Но бабушка мне не ответила.
Много раз слышала я, как гости говорили бабушке Дуне, что она всё молодеет и хорошеет.
Что такое старость, я знала. Это сгорбленные старушки у церкви с жестяными кружками для милостыни. Это старички с палочками, едва бредущие по улице. Это бабушка Вапче, которая часто приходила к нам поговорить с бабушкой Дуней. Она трудно дышала, забираясь на пятую ступеньку высокого крыльца, приговаривая: «Старость не радость, Алдокия Петровна, вапче и в опчем».
А может, и до моей. Это обо мне часто говорили, как я подросла и повзрослела. Так и до старости недалеко, грустно подумала я.
– Завтракать! – Скомандовала бабушка. – Но сначала умываться.
В рукомойнике во дворе вода была холоднющая. Я смочила кончики пальцев и провела ими по лбу и по щекам. Потом ещё погремела рукомойником для виду и вытерлась холщовым полотенцем.

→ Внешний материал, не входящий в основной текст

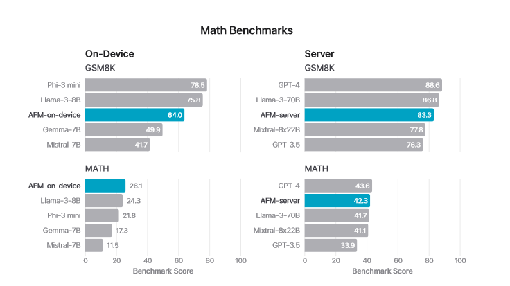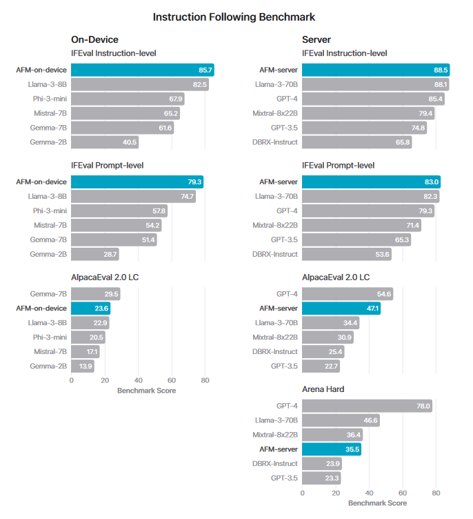 苹果公司的数据显示,AFM-server 有害输出违规率为 6.3%,明显低于 GPT-4 的 28.8%。同样,在设备上,AFM 7.5% 的违规率低于 Llama-3-8B(由 Facebook 母公司 Meta 训练)21.8% 的得分。

Бабушка Дуня была главной кормилицей в доме. Вставала чуть свет, топила печь и готовила сразу завтрак и обед на большую семью. Ещё она успевала полить свои грядки и покормить поросёнка Харитошу – и всё это пока я спала.
Дедушка, который работал в городе Клетня, приезжал только по воскресеньям. В эти короткие промежутки он меня воспитывал – сажал на колени и рассказывал поучительные истории из своей жизни или читал лекции о том, как я должна себя вести. Я часто засыпала у него на руках и слышала сквозь сон, как бабушка смеётся:
–Отец, да она уже спит совсем!
А он отвечал:
– Ничего, мать, во сне всё лучше усваивается.
И ещё он всегда говорил, что я должна слушаться бабушку и помогать ей во всём. А это значило возиться с маленьким вредным Павликом, сыном тёти Капы, которая была бабушкиной дочерью. Она недавно приехала к нам и уже устроилась на работу. Папа Павлика, дядя Володя, вернётся из армии только осенью, и Павлик его очень ждёт. А пока он на целый день остаётся с бабушкой и со мной.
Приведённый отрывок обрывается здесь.